My sweet husband leaves for work at 4:00am on Monday morning. He is usually very good about hauling the dumpster out to the road for it’s Monday morning pickup, but he isn’t around to haul the (now empty) dumpster back in. I can choose to:

A) leave it out by the curb until “he does his job”—which will be Thursday evening at the very earliest—meaning I have been without it all week.

B) Put on my best martyr attitude and haul it in, muttering the whole time about how “I have to do EVERYTHING around here” (completely ignoring the fact that he just left for work—to support ME, at 4 freakin’ o’clock in the morning—and that he will continue to work his cute little butt off FOR ME.)

C) Cheerfully bring the dumpster back in, feeling grateful that I only have to bring it in when it is empty and light, and that I HAVE a nice, rolling trash dumpster (which I actually LOVE!), and feeling his love for me that he expressed by taking it out in the first place.


In the last little while I have watched several seemingly strong marriages (of good people) dissolve into seething messes of throbbing pain, recriminations and vitriolic spite. The one thing that all of them had in common was that one (or both) of them got caught up in the “selfishness vortex”. They cannot see how each selfish choice feeds the selfishness beast, and that instead of pacifying it, they make it stronger. Each choice of “me first”,"my wants", “my needs”, “but what about ME?” blinds them to the love they have been freely given, and the pain they cause to those around them.

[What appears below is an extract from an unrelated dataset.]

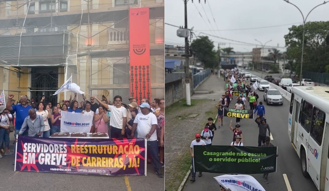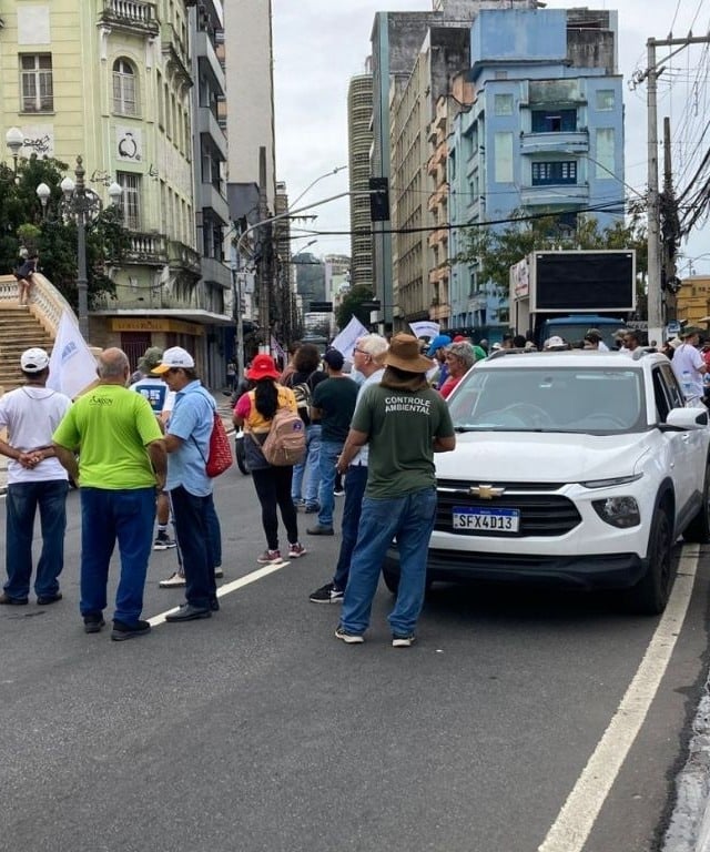 Um protesto de servidores públicos do Estado do Espírito Santo, em forma de caminhada, deu nó no trânsito no Centro de Vitória. A manifestação, por reposição salarial, começou por volta das 9h30, em frente ao Instituto Estadual de Meio Ambiente e Recursos Hídricos (Iema), em Cariacica.
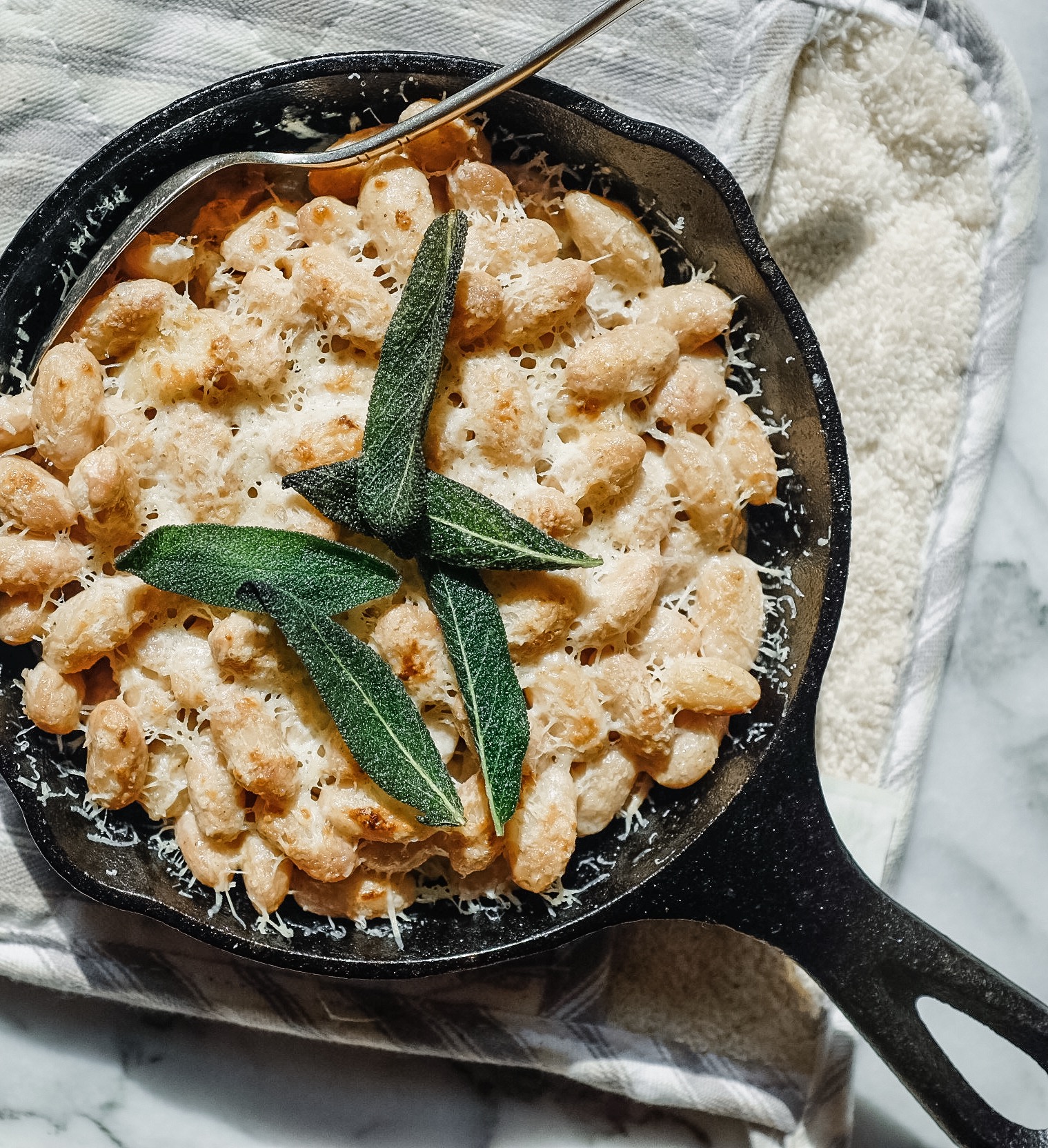 - When the beans have finished baking, put them under the broiler for a few minutes to brown the Parmesan. Allow the beans to cool for 5 minutes before serving, topped with the sage leaves.

I have been reading “Created to Be His Help Meet: Discover How God Can Make Your Marriage Glorious” by Debi Pearl. She is a fundamentalist Christian, and, while I don't agree with all of her theology, and I really disagree with the way she phrases some of her points, I think the principles she teaches are sound, and I know for myself that they work.

This is not an easy book. It is easy to feel attacked and defensive while you read it. I think that means it is hitting home, and we need to carefully focus on doing the things we are most defensive about.

When I look around at our society, I see LOTS of unhappy people, in less than ideal relationships. Broken, dysfunctional families. Women who are hostile and nasty to their husbands, and who feel lonely and taken for granted. Men who feel disrespected and unloved. Children who don’t know the comfort of knowing that their parents love them and each other.

One of the best things my wise mother taught me about making decisions is to look at the end result. Ask yourself “ What would happen if everyone made this choice?” “ What would happen to them, to their relationships, to society as a whole?”

Maybe the things society teaches are wrong. Maybe, doing exactly the opposite of that we are told really is the way to happiness.


When my sweet LargeBoy was still a small boy, he went through a phase of not wanting to go to bed, and of waking up in the night, and not being able to go back to sleep. (He has always been a very light sleeper and easily awakened). Unfortunately, I was horrifically sleep deprived and exhausted, and having him come get me to put him back to bed did not go down well. The nightly battles escalated to included shrieking and kicking walls (him), threats and spankings (me) and crying and screaming (both of us).

When my pride finally allowed me to pray and ask for help, the simple answer was "a soft answer turneth away wrath". The more I nagged, bossed and bullied, the more stubbornly he dug in. When I finally gave up on "winning" and instead focused on talking to him about how I loved him, what he had done that day, and interesting things he had seen, sleep came quickly and he learned how to put himself back to sleep.

A true example of "surrendering to win".

Maybe, just maybe, the promises the Lord made is true and “So the last shall be first, and the first last," and that the real way to win and find true happiness is in loving surrender and putting other people’s happiness before your own.

He hasn’t lied yet.




*You DO NOT want to get me started on my rant about words that have been hijacked—besides “dominance” and “submission”, I really miss the old meaning of the word “gay”—“happy” and “cheerful” ARE NOT the same.